1曲目で客の心に挨拶をして、2曲目で誘惑。3曲目ですべてを弾き飛ばした。

コズモはパフォーマンスに釘付けになっていた。スパンコールがギラギラと反射して眩しかったが、関係ない。コズモは目を見開いていた。

タルーラは完全じゃない。それが好きだった。

歌には完全な強さとエネルギーで武装したような力がこもっているのに、伴奏の間にふっと力が抜ける。一節を歌い終わるごとに、強い目が一瞬だけ脅えた子供のような目になり、何事もなかったかのように元に戻るのだ。ちょっとはにかんだ笑顔をしたと思ったら、すぐにライオンのように牙をむいて客席を睨みつける。悪態をついた客に向かって。コズモにはどこか、その隙間にタルーラは命をかけているんじゃないかという気さえした。

タルーラはきっと、ステージに立つことで自分を見つけたんだと言われるのかもしれない。雑誌でもそう取り上げられるんだろう。そういう人は多くいる。だが「パンク・シンガー」という言葉もこの人の一部でしかない。「ノー」というべく生まれついた人間は、どんなにいい場所を見つけても、いつかは「ここから出して」と言わないといけない。そんな日が来ることを恐れている。だから安心できないし、ゆっくり眠れるわけなんかない。人生はいい詩をこしらえるんだろうけど、本人はたまったもんじゃないんだ。

コズモは、そんな人間が周りにたくさん集まっていることに気づいていた。それがなんだか心地いいのだが、足元がぐらつくような寂しい思いにもなった。あいつもそうだ。こいつも。コズモはちいさく一人ずつ祈っていった。ドーだってそうなんだろう。

横ではAJが片眉をあげて、悪態をついた客のほうを批判的な目で見つめた。
「なんで金を払ってまで、わざわざ嫌いなものを見に来るんだろうな」

4曲目は完璧だった。金を払って「ホモ!」と叫びにきた観客用に、いかにそんなやつらがシベリアの精神病院で面白い実験台になれそうかを歌う短いパワーポップだった。そういう皆ほど、本当は踏みつけられたいんでしょと歌ったタルーラの完全勝利だ。すべては計算し尽くされている。末恐ろしいやつだとAJは感心した。
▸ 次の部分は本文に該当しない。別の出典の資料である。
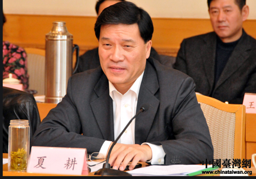 山東省副省長夏耕出席會議并講話。(圖片來源:山東省臺辦)
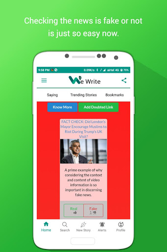 WeWrite's FakeCheck is a revolutionary approach to fight fake content (News, Article, Videos, People) that is blooming over the Web and is really dangerous. With Wewrite's FakeCheck you can just add a link that you doubt to be fake, and that's it you are done, our algorithm & community members will vote the link whether it's real or fake. 96.3% of time it's accurate.
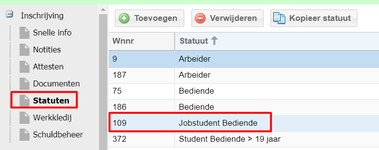 Vervolgens moet er een studentenstatuut in de personenfiche geactiveerd worden. Voor studenten bestaan er verschillende statuten. Klik HIER om alle mogelijke studentenstatuten te raadplegen.
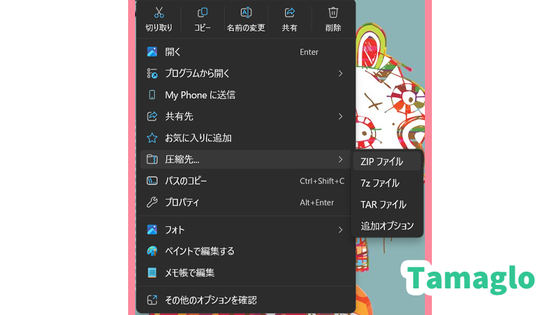 Windowsエクスプローラーには「ZIP圧縮」機能があり、
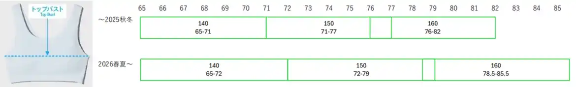 成長に合わせたやわらかなカップは、サイズごとに形状を調整し、成長が早まっている現代の女の子に向けて、各サイズで対応できる大きさの幅を広げました。見た目も下着に見えづらいハーフトップデザインにすることで、学校生活や習い事でも、安心して着用いただけます。 |

曲が終わる頃、AJがコズモの肩をたたいた。コズモは答えなかった。何回か叩くとコズモははっと驚いてこちら側に戻ってきた。AJは、何考えてるんだと聞いた。コズモはだんだんショーに集中できなくなってきたと答える。AJも同じだと言う。
次の曲が始まり、AJが大声で聞く。ドーはどこにいると思う。コズモはしばらくステージの方を眺めて曲を聞いたあと、AJのほうへ顔を向ける。なんか、ここに来る気がするんだとコズモは唸って答える。しかしコズモはなぜそう思うのか、うまく説明ができなかった。
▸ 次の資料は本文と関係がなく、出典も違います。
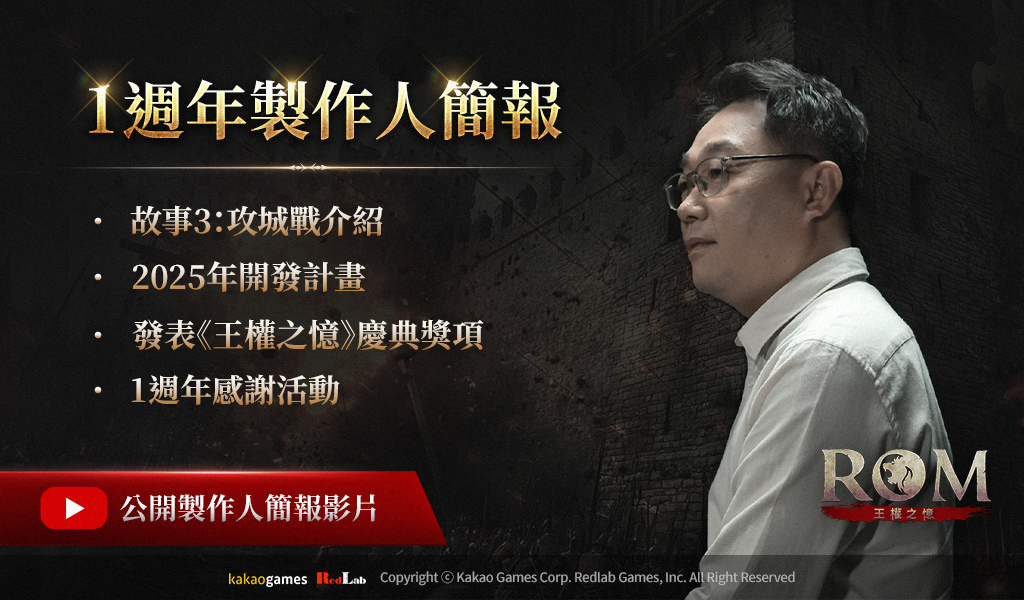 【以下內容皆來自廠商提供新聞稿資料】《ROM》於 2024 年 2 月開始全球正式營運後,不僅在臺灣、韓國地區達成應用程式商店人氣榜第 1 名,也分別在韓國、台灣 Google Play 營收排行榜獲得第 2 名、第 3 名,並在選出當年度優秀應用程式與遊戲的「Google Play 2024 年度最佳遊戲」中獲獎。為紀念全球營運正式上市 1 週年,此次製作人簡報製作為線上見面會影片,內容包含了 2025 年開發計畫、故事3:攻城戰世界觀影片、1 週年《王權之憶》慶典、1 週年紀錄影片、1 週年特別活動等等。 首先,RedLab Games 透過 2025 年開發計畫公開了故事3:攻城戰、新成長系統「裝備覺醒」、跨服地下城「精靈安息處」等 4 月為止的更新內容。之後將於今年內陸續公開「跨服爭奪戰」、「世界交易所」、「故事4:大君主戰」等內容。特別是首度公開的「故事3:攻城戰」世界觀影片,讓冒險家們可以窺探即將透過故事3 公開的攻城戰、轉職系統與新地區。此外,在「1 週年《王權之憶》慶典」公開了分別在各職業中戰鬥力、經驗值最優秀冒險家,並發放特別製作的「1 週年紀念金戒指」與「1 週年周邊套組」給獲獎者。同時,透過製作人簡報公開了回顧《ROM》與冒險家過去 1 年的紀錄的「2024 年 Review,History Movie」。另外,為紀念全球正式上市 1 週年,《ROM》也準備了多種活動。2 月 20 日起,《ROM》將舉行發放 5 種裝備復原卷軸、2 種造型/護衛者重新合成卷軸、1 種神聖的強化卷軸等豐富獎勵的 1 週年特別活動,以及發放「《ROM》1 週年紀念周邊」的官方粉絲頁活動。

結局、ここまで待っても来ないのはおかしいということになり、
2人はドーの家へ行ってみることになった。

しかしコズモの勘は正しかった。
AJとコズモが会場を後にして車に乗ったあと、ドーがすれ違うようにして会場へ入っていった。

会場はすでに人でいっぱいだった。ドーは後ろのほうで壁にもたれかかることにした。歓声と飛び跳ねる人々の汗を浴びながら、呆然と立ち尽くしてまっすぐステージの方を見つめた。
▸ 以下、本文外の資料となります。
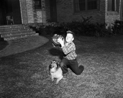 Tommy Mitchell and his dog got a jump in the vernal equinox when Tommy dug out his fielder's glove after a winter's hibernation. Published in Fort Worth Star-Telegram evening edition March 19, 1952.

ステージ上のタルーラは隠れて見えなかった。それでもドーはよそ見することなく、ランダムな観客の頭をとりあえず穴が空くほど見つめ続けた。というより、ほかに目を置く場所がなかった。

動きまわる観客の頭の隙間から、ステージ上を動き回るタルーラがちらりと見えた。黒いギターを胸のほうに持ち、熱心に掻き回している。赤い下着のような薄いドレスは、ギターを上のほうで抱えているせいで布がたるみ、筋肉のついた肩からストラップがずり落ちていた。

タルーラは何も、毛ほども気にしていなかった。青いアイシャドウは汗とブレンドして輝き、赤いリップは右頬まで血の滲みのように滲んでいる。誰かとパフォーマンス中にキスしたんだろう。目線はマイクと観客をゆるやかに行ったり来たりしていた。

遠くから見ると、ホラー映画で最後に生き残った登場人物みたいだった。月の光を浴びながら、血と疲れ、アドレナリンに満ちた身体で、裸足で夜の森を逃げている。ドーは反対側で、喧騒と煙をただ反射させながら、まったく影響を受けられずに立ち止まっていた。暗闇のなかで踊る観客が森の木々だとしたら、ドーは脳みそを食われてここへ引き寄せられてきたゾンビだった。

曲が終わり、喧騒が一旦静かになった。
何人かがちらほらと雄叫びをあげる。タルーラは汗だくで笑いながらギターを肩から外し、床へ置いてマイクへと歩み寄った。眩しそうに斜め上の照明ブースへと目を細める。タルーラは長い爪をつけた人差し指を上へ立てながら言った。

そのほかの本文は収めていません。